Metal on metal connections—Look closely at the quickdraws in this anchor. They're all connected to other quickdraws from carabiner to carabiner. The problem here is that carabiner to carabiner connections can move, twist, and unclip themselves. Since that's every quickdraw in this anchor, that means there are six different points at which the anchor could fail. Not exactly ideal. The safe way to connect two quickdraws is by removing one carabiner, and attaching the loose dog bone to the free end of the carabiner you want in the middle. Basically, it should go: carabiner->dogbone->carabiner->dogbone->carabiner.

Redundancy—This anchor has some redundant elements, but not in any real meaningful way. There are two quickdraws attaching the tree sling to the locking carabiner.

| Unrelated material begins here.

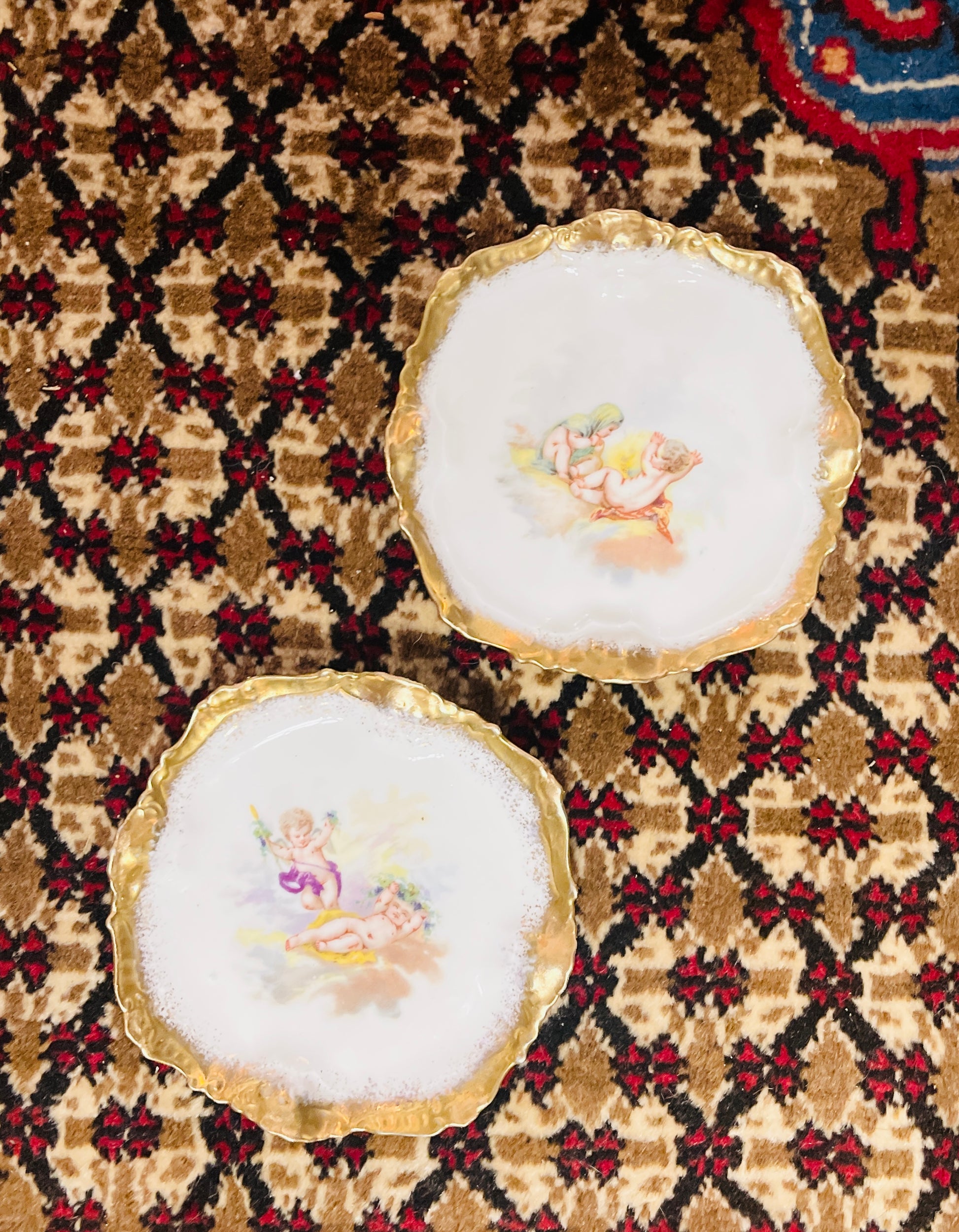 Each plate measures 5.5” in diameter and is in excellent antique condition, with no chips, cracks, or repairs. The charming putto or cherub at the center is a fine example of Victorian sentimentality, often used in Limoges designs meant for boudoir or parlor display.

Those quickdraws are really only backing up each other. If the tree sling catches a sharp piece of bark that whole side of the anchor will fail. Same goes for the quickdraw chain. The legs of this anchor back up each other, but neither leg has its own redundancy.

Simplicity—Depending on which anchor acronym you subscribe to, an anchor should be efficient or timely. This anchor is neither. I count 27 (!) pieces of gear in this anchor. Every single piece of gear is a potential point of failure. Even beyond that, a convoluted anchor like this becomes difficult to assess and inspect. The same anchor could be accomplished more simply and safely with four long slings and two lockers. Two slings around the tree and two around the rock (or something better) would provide two redundant sides, with all slings running to the two lockers over the edge.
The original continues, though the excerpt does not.